Also, my not-human-trafficker nerds are releasing my immediate verbal smackdown from the evening of 02Feb2015, too, as soon as possible.
As the bigger "(EXPLETIVE) YOU!" for messing with my loved ones, due to Obama's instructions to openly lie in news broadcasts now, I also know the NBC Nightly News can now provide hard evidence that the malevolent presence I felt outside of the Starbucks in the edge of my only-redeemed-when-Tentacle-and-I-sanctify-it playland was the proven unamerican alpha terrorist in town.
Department of Homeland Security, that is why I reported her to my selfless support system the moment I saw her. My beautiful and REAL federal US government, please collect our hard evidence from my beyond-irreproachable darling Mr. Brian Williams as soon as possible and go get her.
Obama's enemies of America, I have stopped underestimating how stupid you are, so you need to stop underestimating how incorruptibly benevolent I am. And hurry.

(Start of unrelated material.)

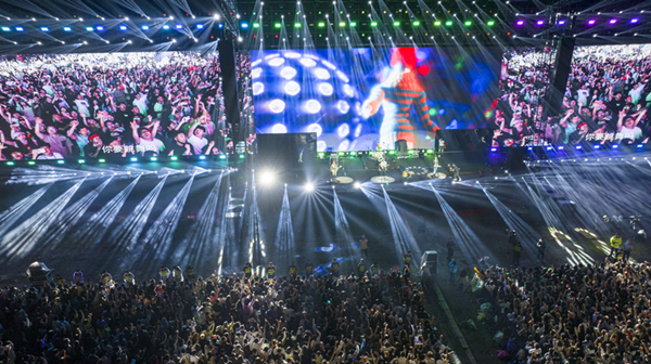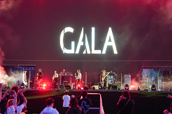 晚上8點10分,GALA樂隊閃亮登場,全場立即沸騰起來。動感的旋律,飽含感情的聲音,故事感滿滿的歌詞,GALA樂隊帶來了《水手公園》《Young For You》等多首曲目,每一首歌曲都令現(xiàn)場歌迷聽得如癡如醉,正能量滿滿。

I am not just ordering you to leave my town; I am demanding the world remove you from society FOREVER and as soon as humanly possible.
After laying out every smackdown I was inspired to smack just because Obama oppressed the NBC Nightly News, I got up to pay my bill before leaving my dedicated wifi hotspot in MY neighborhood to travel to my regular Monday stomping haunt at 10:51pm.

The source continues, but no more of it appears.